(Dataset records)
%%

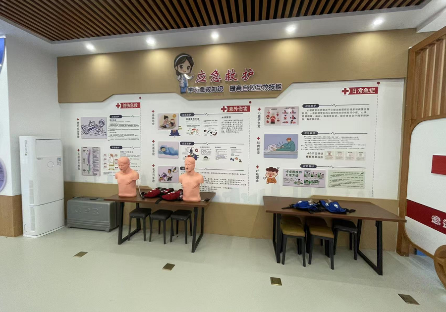 急救知识科普区:通过图文展板、动态视频、互动屏幕等形式,系统讲解心肺复苏、AED除颤仪使用、止血包扎、烫伤处理、异物卡喉急救(海姆立克法)等基础急救知识,同时普及校园常见意外(如运动损伤、踩踏、火灾逃生)的预防与应对要点,内容通俗易懂,适配不同年龄段学生理解。
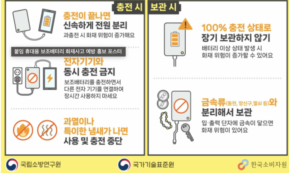 휴대용 보조배터리 화재사고 예방을 위한 안전 수칙 안내
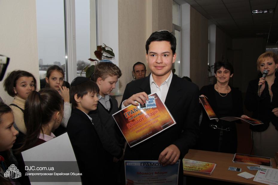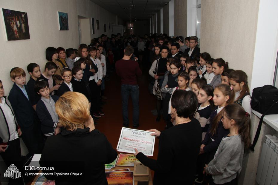 Итоги «Ханукального марафона» подводили, как всегда, сначала в старшей школе, а потом – в младшей. В некоторых случаях вручалась награда персональная, а в других – коллективная, всему классу, и принимать ее выходил представитель класса, так что на фотографиях некоторые из учеников представлены несколько раз, но мы считаем, что это правильно, и мы рады показать вам как можно больше фотографий, чтобы наши читатели также гордились замечательными воспитанниками еврейской школы.
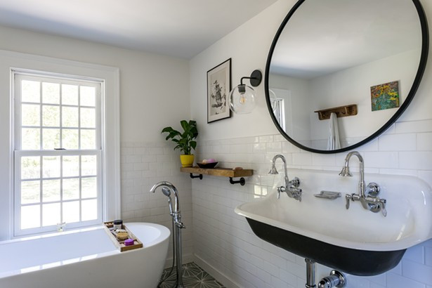 Much of the home's upstairs was spared from water damage but the bathrooms throughout the home needed an update. Working with Donaire, the Reisfelds redesigned the primary bathroom as a haven with a view to the back yard. An oversized freestanding tub sits at one end with the window at eye-level for bathers. Donaire chose tiles for the space and came up with the idea of adding floating wood slabs to the walls and matching them with a rectangular sink.
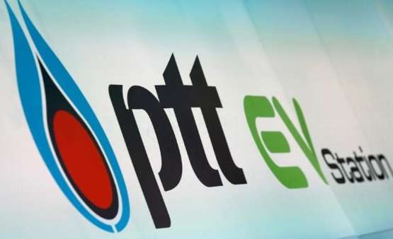 文件图片:2016年8月15日,泰国曼谷的商用EV(电动汽车)充电站启用期间,PTT Pcl能源公司的标志被看到。路透社/ Jorge Silva / File Photo
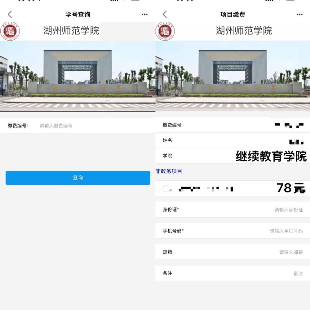 ②报名学生使用手机支付宝扫描二维码查询缴费,缴费编号为学号,点击查询,选择项目“普通话面授辅导及水平测试(继续教育学院)”,金额核对无误后,填入手机号,点击支付进行付费。
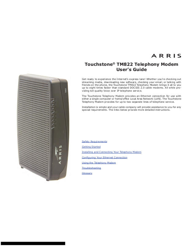 Note: For best performance, use high-quality RG-6 type coax cable and minimize or eliminate splitters between the cable jack and the Telephony Modem.
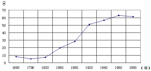 (1)据美国城市化进程表,绘出城市人口比例1690——1990年间的变化曲线。

%%

#### [What you should do]
Starting with the line that contains "воспитанниками еврейской школы.", give the lines again exactly as they appear through the last line of the data, pictures excluded.

#### [Exercise output]
 Итоги «Ханукального марафона» подводили, как всегда, сначала в старшей школе, а потом – в младшей. В некоторых случаях вручалась награда персональная, а в других – коллективная, всему классу, и принимать ее выходил представитель класса, так что на фотографиях некоторые из учеников представлены несколько раз, но мы считаем, что это правильно, и мы рады показать вам как можно больше фотографий, чтобы наши читатели также гордились замечательными воспитанниками еврейской школы.
 Much of the home's upstairs was spared from water damage but the bathrooms throughout the home needed an update. Working with Donaire, the Reisfelds redesigned the primary bathroom as a haven with a view to the back yard. An oversized freestanding tub sits at one end with the window at eye-level for bathers. Donaire chose tiles for the space and came up with the idea of adding floating wood slabs to the walls and matching them with a rectangular sink.
 文件图片:2016年8月15日,泰国曼谷的商用EV(电动汽车)充电站启用期间,PTT Pcl能源公司的标志被看到。路透社/ Jorge Silva / File Photo
 ②报名学生使用手机支付宝扫描二维码查询缴费,缴费编号为学号,点击查询,选择项目“普通话面授辅导及水平测试(继续教育学院)”,金额核对无误后,填入手机号,点击支付进行付费。
 Note: For best performance, use high-quality RG-6 type coax cable and minimize or eliminate splitters between the cable jack and the Telephony Modem.
 (1)据美国城市化进程表,绘出城市人口比例1690——1990年间的变化曲线。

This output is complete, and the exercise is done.